(AVAILABLE DATA begins)

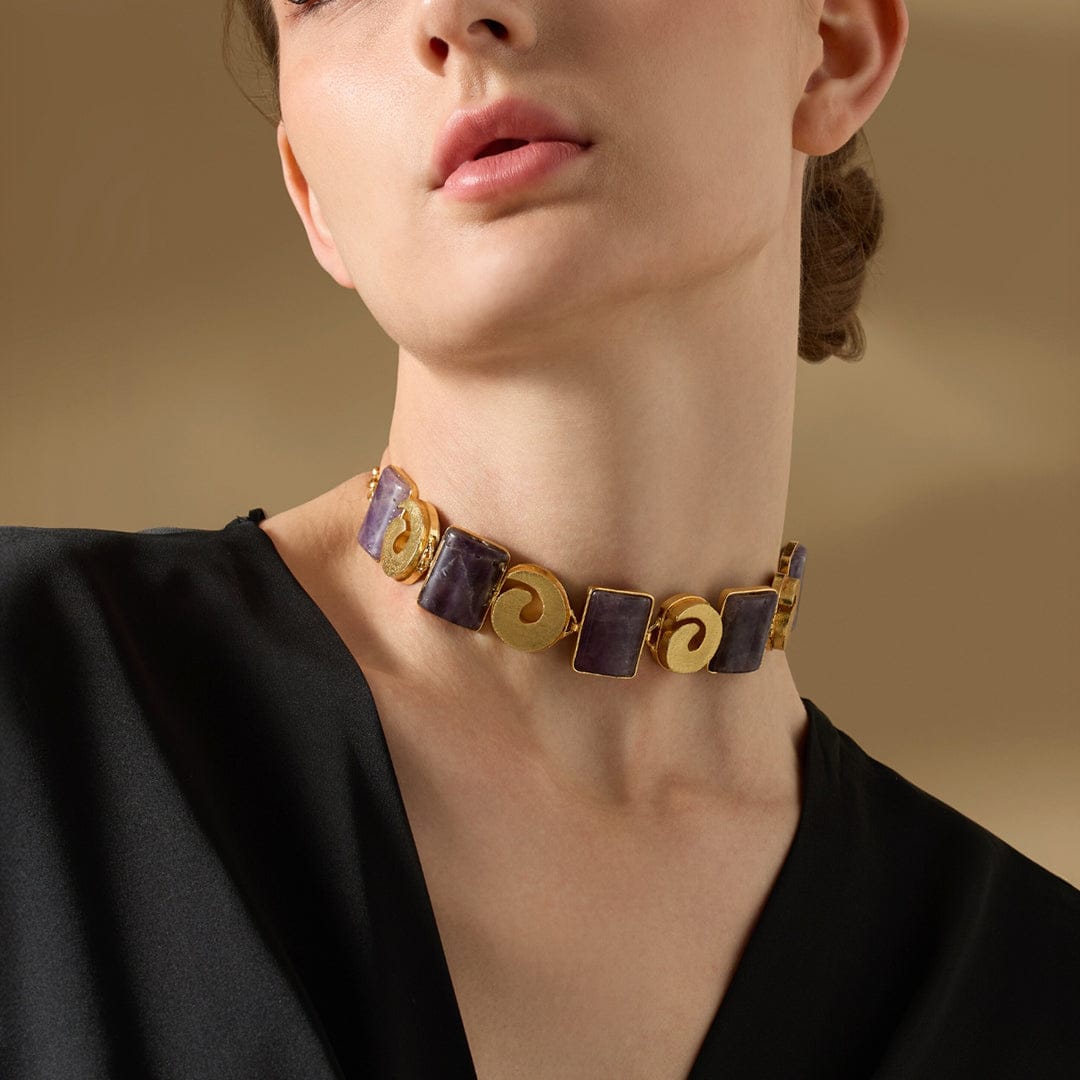 Description: Evoking the mystery of dusk, the Sena Choker showcases purple Agate stones, their deep tones catching the light with subtle brilliance. Set in a choker silhouette, this piece offers a harmonious blend of bold color and graceful form perfect for adding depth to any ensemble. No two stones are exactly alike, offering an organic beauty thats distinctly your own.
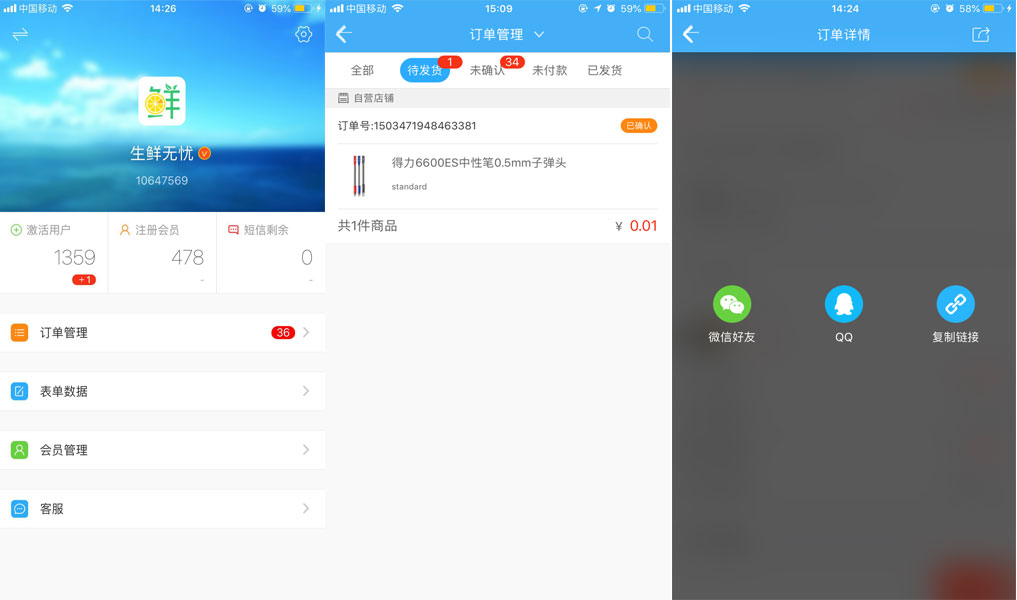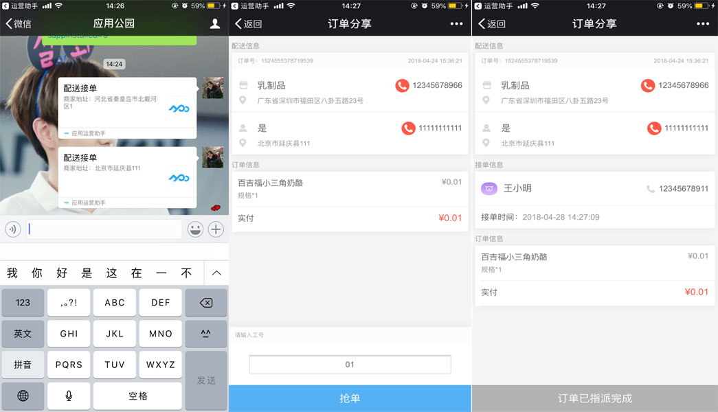 2.登錄手機(jī)運(yùn)營助手,接收訂單之后,進(jìn)入訂單詳情頁面,點(diǎn)擊右上角的分享界面,把訂單分享到微信、QQ群里,配送員輸入工號(hào)進(jìn)行搶單,搶單成功之后,按照訂單上的地址進(jìn)行配送。
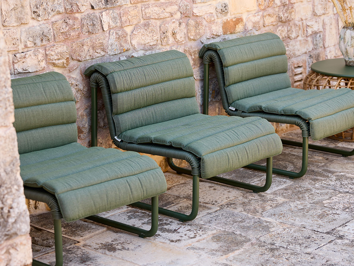- Niedrige, zurückgelehnte Sitzsilhouette für entspanntes Loungen
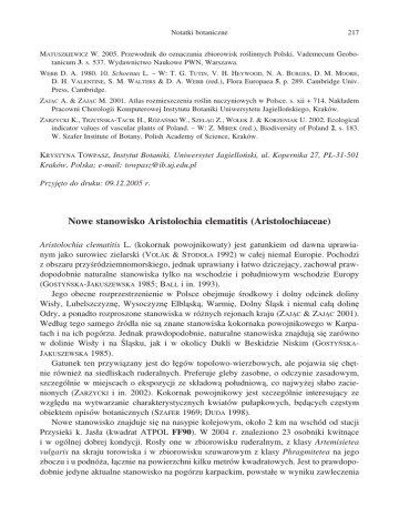 Nowe stanowisko Aristolochia clematitis (Aristolochiaceae)
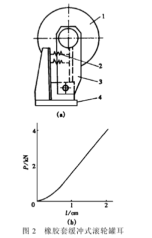 图3(a)是碟簧缓冲式滚轮罐耳,其结构与橡胶套缓冲式滚轮罐耳基本相同。它主要由聚胺脂滚轮1、碟簧2、活动臂3和固定座4组成。
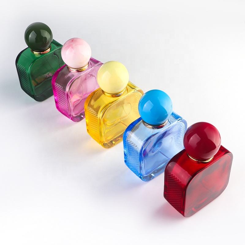 Mignon coloré 50ml carré clair vide gaufrage côté 15mm pulvérisateur à sertir bouteille de parfum en verre avec bouchon à bille
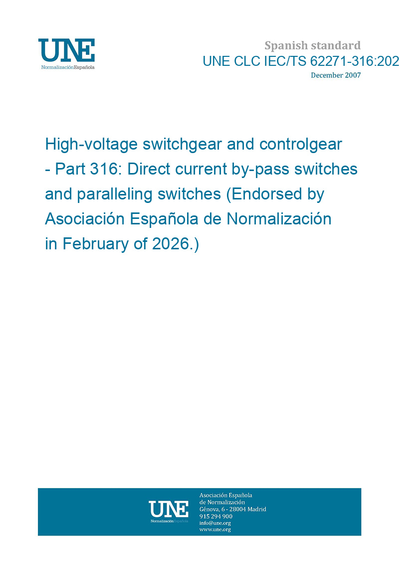 Aparamenta de alta tensión. Parte 316: Interruptores de bypass de corriente continua y seccionadores de paralelo (Ratificada por la Asociación Española de Normalización en febrero de 2026.)
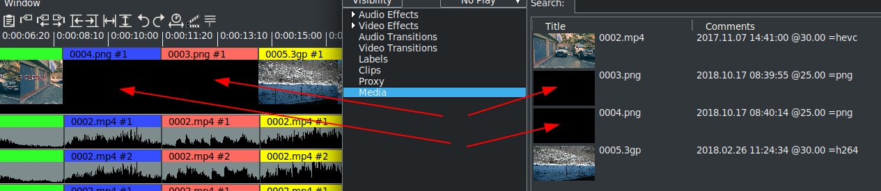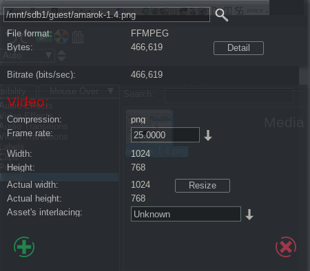 With the last git I can no longer see the png. Both in resources and timeline are not seen. In the terminal I have the following messages: Cinelerra Infinity - built: Dec 2 2020 10:36:34 git://git.cinelerra-gg.org/goodguy/cinelerra.git (c) 2006-2019 Heroine Virtual Ltd. by Adam Williams 2007-2020 mods for Cinelerra-GG by W.P.Morrow aka goodguy Cinelerra is free software, covered by the GNU General Public License, and you are welcome to change it and/or distribute copies of it under certain conditions. There is absolutely no warranty for Cinelerra. sample_aspect_ratio, 1.000000 display_aspect_ratio, 1.777778 ff_aspect_ratio, 1.777778 interlace from demux: 0 sample_aspect_ratio, 1.000000 display_aspect_ratio, 1.777778 ff_aspect_ratio, 1.777778 interlace from demux: 0 sample_aspect_ratio, 1.000000 display_aspect_ratio, 1.777778 ff_aspect_ratio, 1.777778 FFMPEG::open_decoder: some stream have bad times: /home/paz/video_editing/prova/1080/0003.png ff_aspect_ratio, 0.000000 interlace from demux: 0 FFMPEG::open_decoder: some stream have bad times: /home/paz/video_editing/prova/1080/0004.png ff_aspect_ratio, 0.000000 interlace from demux: 0 sample_aspect_ratio, 1.000000 display_aspect_ratio, 1.777778 ff_aspect_ratio, 1.777778 interlace from demux: 0 sample_aspect_ratio, 1.000000 display_aspect_ratio, 1.777778 ff_aspect_ratio, 1.777778 The error "some stream have bad times:" always gave it to me, but the pngs saw the same. EDIT: the same problem with jpg. An animated gif works.
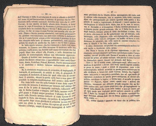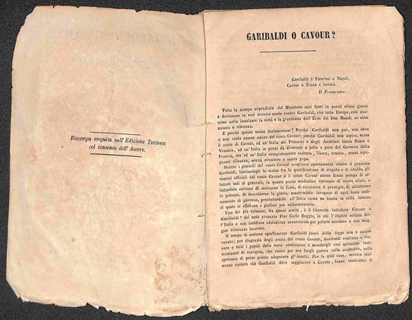 1860 - Garibaldi o Cavour - Memorie Politiche di Angelo Brofferio - opuscolo di 32 pagine (13x20)
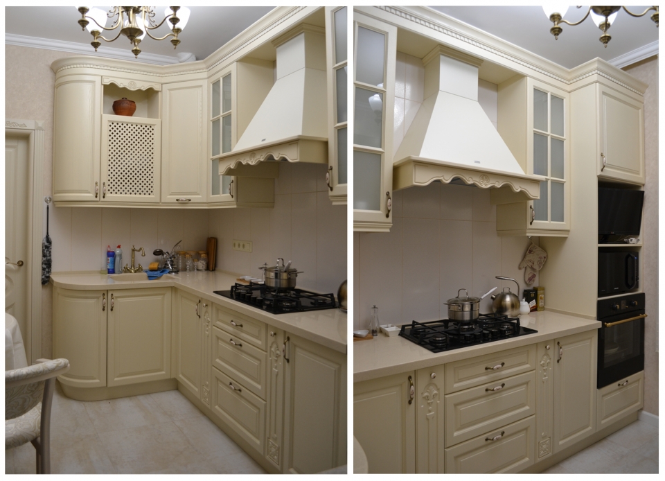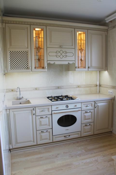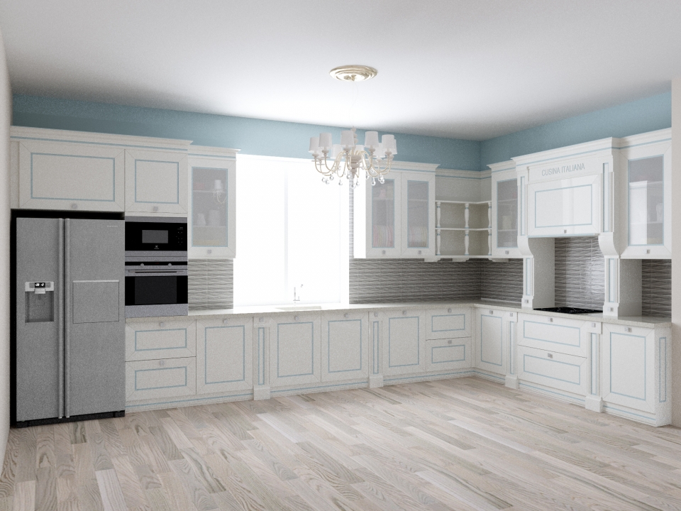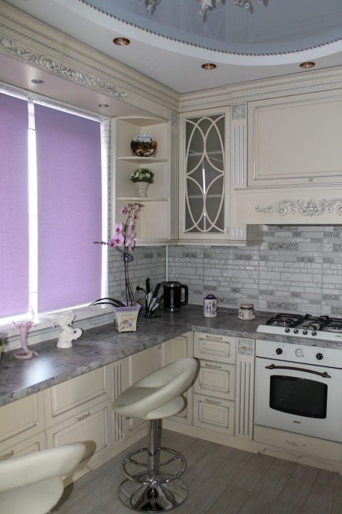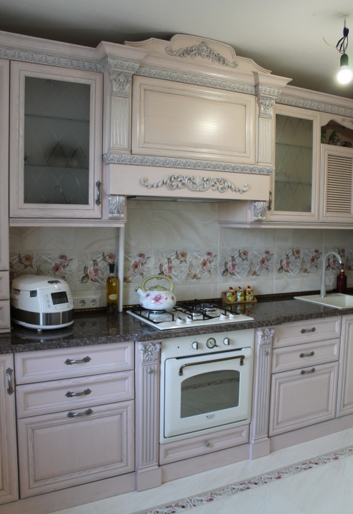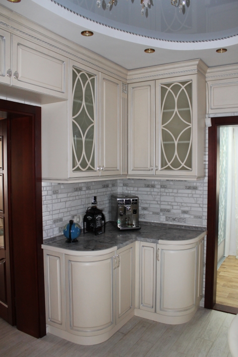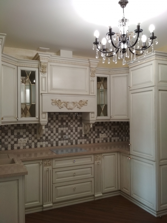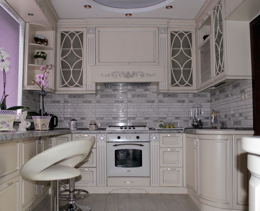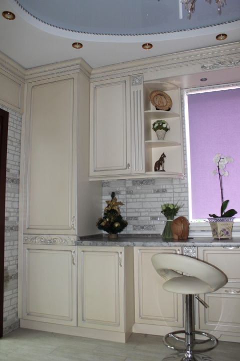 Фасады: МДФ фрезерованные крашенные, серебряная патина Столешница: пластиковая Luxeform Фурнитура: Blum
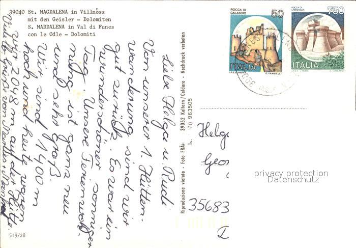old postcard St Magdalena Gsies Ortsansicht mit Kirche Villnoesstal Dolomiten postalisch gelaufen Erhaltung siehe scans
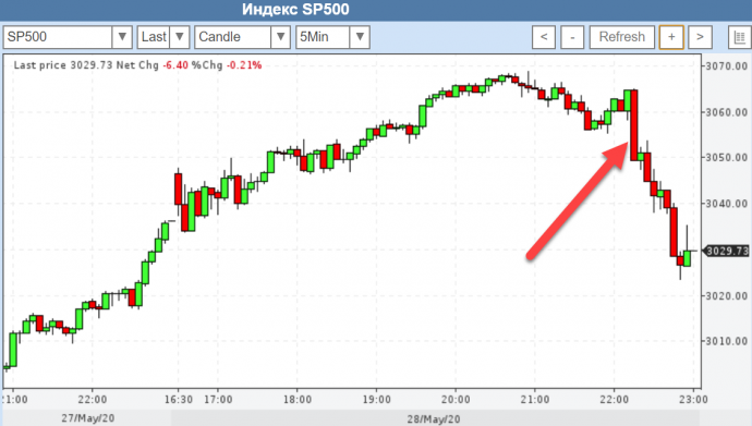 Американские акции закрылись снижением в четверг, обвалившись на отрицательную территорию в последний час торгов после того, как президент Дональд Трамп заявил, что проведет пресс-конференцию по Китаю в пятницу, что вызвало недовольство инвесторов, которые испытывали оптимизм по поводу восстановления экономики после пандемии коронавируса, начиная день с покупок американских активов.
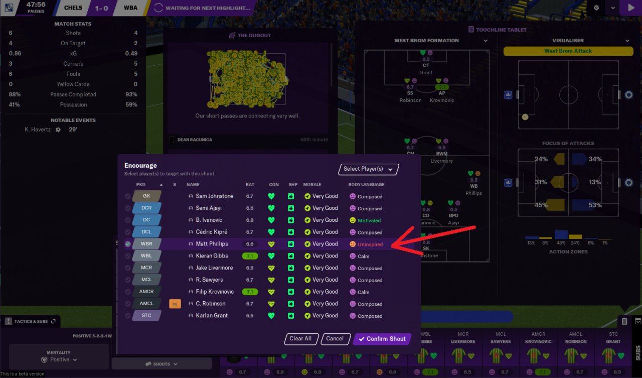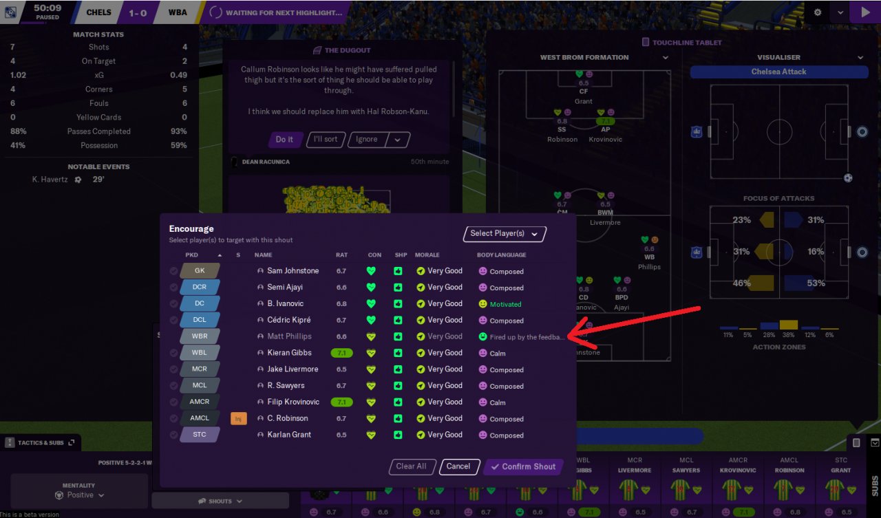 By using the Touchline Shouts you can affect the morale / body language of your players during matches.
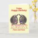 Su y él conejos, sentándose en una torta de cumpleaños. Añada sus nombres al frente de la tarjeta y de su mensaje dentro.
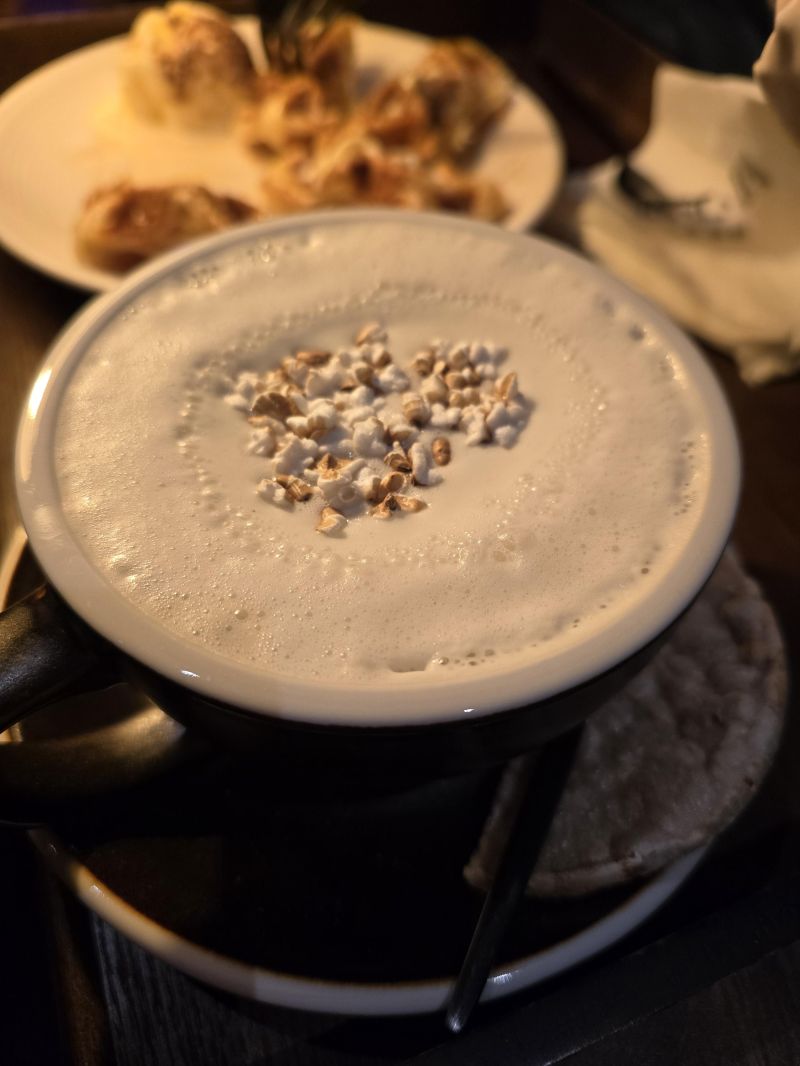 시그니처메뉴인 천마크림 밀크티예요. 달달합니다.

(AVAILABLE DATA ends)

* **YOUR OBJECTIVE**:
The expected output is the lines above from the one containing "- Niedrige, zurückgelehnte" to the one containing "Aparamenta de alta", both ends included, reproduced exactly with every picture left out.

* **EXERCISE RESULT**:
- Niedrige, zurückgelehnte Sitzsilhouette für entspanntes Loungen
 Nowe stanowisko Aristolochia clematitis (Aristolochiaceae)
 图3(a)是碟簧缓冲式滚轮罐耳,其结构与橡胶套缓冲式滚轮罐耳基本相同。它主要由聚胺脂滚轮1、碟簧2、活动臂3和固定座4组成。
 Mignon coloré 50ml carré clair vide gaufrage côté 15mm pulvérisateur à sertir bouteille de parfum en verre avec bouchon à bille
 Aparamenta de alta tensión. Parte 316: Interruptores de bypass de corriente continua y seccionadores de paralelo (Ratificada por la Asociación Española de Normalización en febrero de 2026.)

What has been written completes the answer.